> [What is required]:
The data that follows is to be copied exactly, with each image removed.

BEGIN The data

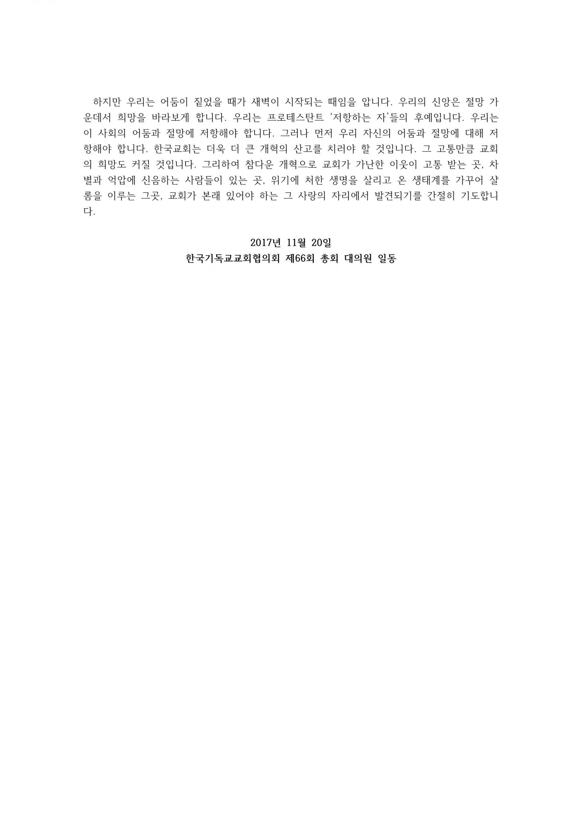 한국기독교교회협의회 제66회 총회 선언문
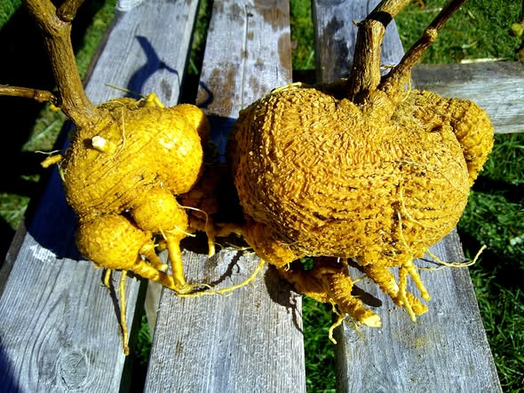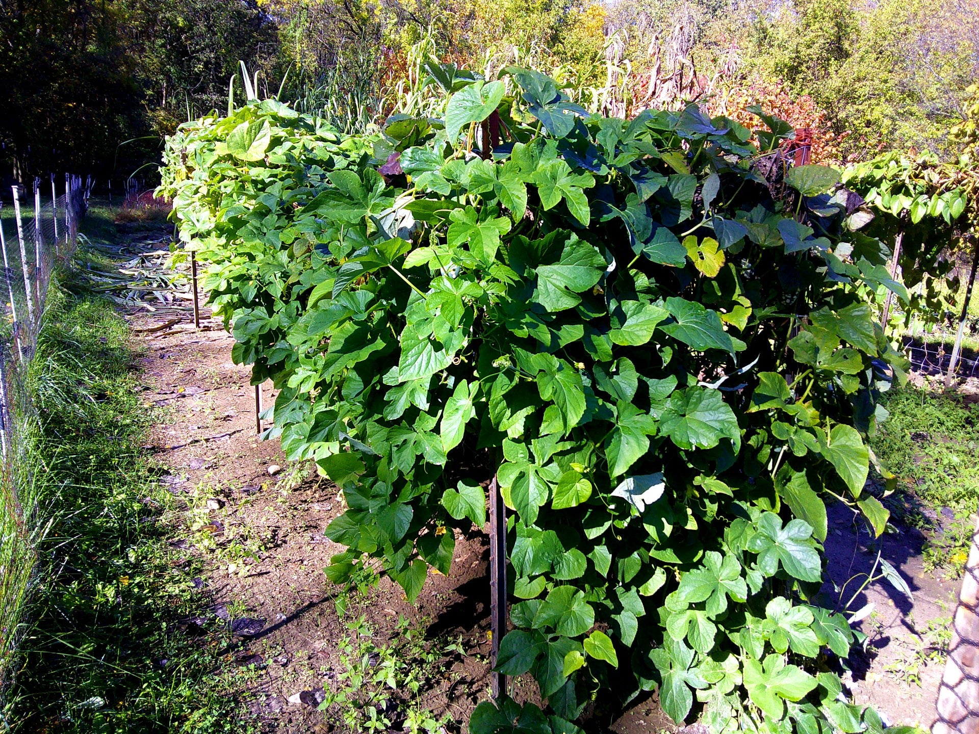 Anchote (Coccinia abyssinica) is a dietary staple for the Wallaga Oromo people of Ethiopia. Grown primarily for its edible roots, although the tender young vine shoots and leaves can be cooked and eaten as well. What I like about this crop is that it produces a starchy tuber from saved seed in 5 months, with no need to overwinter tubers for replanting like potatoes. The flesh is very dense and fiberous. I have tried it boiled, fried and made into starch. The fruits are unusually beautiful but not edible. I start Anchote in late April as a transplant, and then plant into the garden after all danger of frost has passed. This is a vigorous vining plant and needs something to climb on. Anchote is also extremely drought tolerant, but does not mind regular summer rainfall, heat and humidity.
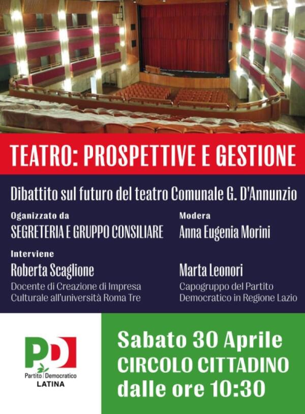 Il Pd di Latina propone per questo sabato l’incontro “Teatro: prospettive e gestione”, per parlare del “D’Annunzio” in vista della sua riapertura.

END The data

> [Result for this exercise]:
 한국기독교교회협의회 제66회 총회 선언문
 Anchote (Coccinia abyssinica) is a dietary staple for the Wallaga Oromo people of Ethiopia. Grown primarily for its edible roots, although the tender young vine shoots and leaves can be cooked and eaten as well. What I like about this crop is that it produces a starchy tuber from saved seed in 5 months, with no need to overwinter tubers for replanting like potatoes. The flesh is very dense and fiberous. I have tried it boiled, fried and made into starch. The fruits are unusually beautiful but not edible. I start Anchote in late April as a transplant, and then plant into the garden after all danger of frost has passed. This is a vigorous vining plant and needs something to climb on. Anchote is also extremely drought tolerant, but does not mind regular summer rainfall, heat and humidity.
 Il Pd di Latina propone per questo sabato l’incontro “Teatro: prospettive e gestione”, per parlare del “D’Annunzio” in vista della sua riapertura.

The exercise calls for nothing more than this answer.